Il cosiddetto decreto Ronchi (135/2009) che disciplina la gestione dei servizi pubblici locali ha aperto il dibattito riguardo alla gestione dell’acqua. Il ministro delle politiche europee, in sostanza riprende l’art. 23 della legge n. 133/2008, che nel disciplinare i servizi pubblici locali di rilevanza economica dava priorità alla gara d’appalto per l’affidamento della gestione. In questo modo, il ministro ripete la cantilena che è necessario adeguarsi alle leggi e ai trattati europei nel campo dei servizi pubblici, nascondendo la fede nel pensiero economico neoliberista nonché gli interessi economici nei processi di privatizzazione sotto la bandiera europea.

Si tratta di un atto impolitico perché non argomentato da una visione convinta e convincente sulla necessità di privatizzare la gestione dell’acqua o rendere competitiva l’aggiudicazione di una gestione di tale monopolio naturale. Tutta la colpa, infatti, viene scaricata sulla volontà europea sancita nei trattati, tanto che il ministro Tremonti accusa di falso ideologico i referendum presentati dal Forum Italiano dei Movimenti per l’Acqua e da altre centinaia di associazioni culturali, religiose e sociali che si sono fatte promotrici dei tre quesiti che provano a far riemergere la possibilità che a gestire il ciclo integrato sia un ente pubblico.

Il comitato promotore ha raggiunto la cifra record di un milione e quattrocentomila firme, accogliendo un generale consenso che supera di gran lunga il numero dei firmatari. Un consenso che rischia di convincere anche molti elettori degli schieramenti neoliberali di destra e di sinistra. Meglio, quindi, rendere impolitica la discussione, dare la colpa all’Europa e affrettarsi con i regolamenti attuativi della legge approvati nella seconda metà di luglio.

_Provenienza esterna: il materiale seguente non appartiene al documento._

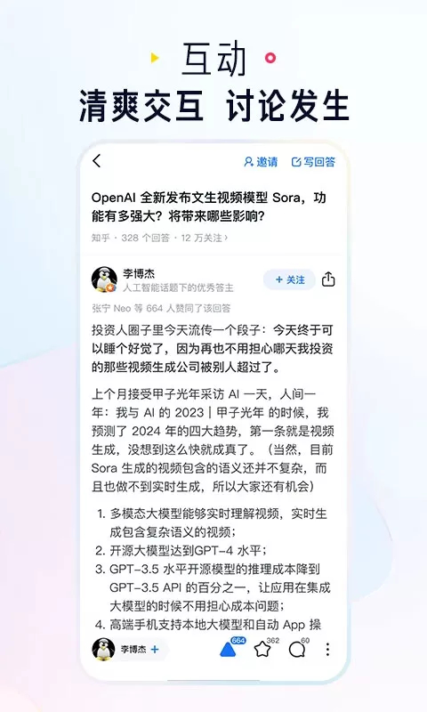用户能够进行提问、回答、点赞以及评论等操作,从而参与到丰富多彩的知识交流与讨论之中。

Ma si tratta di una colpa che, per questa volta, la burocrazia europea proprio non ha. Non perché l’economia neoliberale non sia l’unico vessillo anche nel parlamento e nelle commissioni europee ma semplicemente perché una posizione definitiva l’Europa non l’ha mai espressa. La direttiva delle acque (2000/60 CE), per esempio, definisce la fornitura dei servizi idrici come “servizio d’interesse generale”. La commissione, dal suo canto, nella comunicazione sui servizi d’interesse generale, lascia alle autorità locali di definire le modalità del loro adempimento, e agli stati la libertà di definire cosa considerino servizio d’interesse generale. Il paragrafo 22 concede allo stato, anche a quello italiano, di definire l’acqua un servizio di interesse generale e decidere il tipo di affidamento da adottare e il tipo di istituzione da sviluppare. L’atto impolitico di riferirsi all’unione europea per mandare avanti il processo di mercificazione dell’acqua rileva che il vero colpevole di falso ideologico è Tremonti e non il movimento per l’acqua pubblica.

L’altra cantilena dei soggetti interessati alla mercificazione del servizio idrico ripete che l’acqua rimarrà pubblica, che nessuna legge italiana prevede la cessione di proprietà dell’acqua. Un altro mantra impolitico perché devia la discussione dalla questione centrale. Rendere l’acqua una merce ha un unico scopo: trarre profitto dalla sua gestione. Ciò a cui sono interessati gli imprenditori dell’acqua è il profitto garantito ottenibile dalla gestione del servizio; che il proprietario sia Dio, lo Stato o il popolo non importa, la proprietà non dà accesso a una rendita. Nel caso dell’acqua la rendita si ottiene gestendo il servizio. In tutto il mondo, infatti, ai gestori privati è garantito un ritorno sul capitale investito, ovvero una rendita di posizione ottenuta attraverso l’aggiudicazione di una gara. Il ritorno sul capitale in Italia è il sette per cento, come stabilito con un decreto ministeriale dall’allora ministro Di Pietro che oggi si dichiara contro la privatizzazione. Questo ritorno è garantito a partire dai Piani di Ambito in cui sono previsti gli investimenti; resta chiaro che, facendo leva sulla gestione dei costi, la società che ottiene l’affidamento porterà al di sopra di tale livello la sua redditività. Maggiore, infatti, è la capacità del gestore di minimizzare i costi, maggiore è il profitto che può trarre dalla gestione, per cui il sette per cento deve essere considerato come remunerazione minima e non massima del gestore.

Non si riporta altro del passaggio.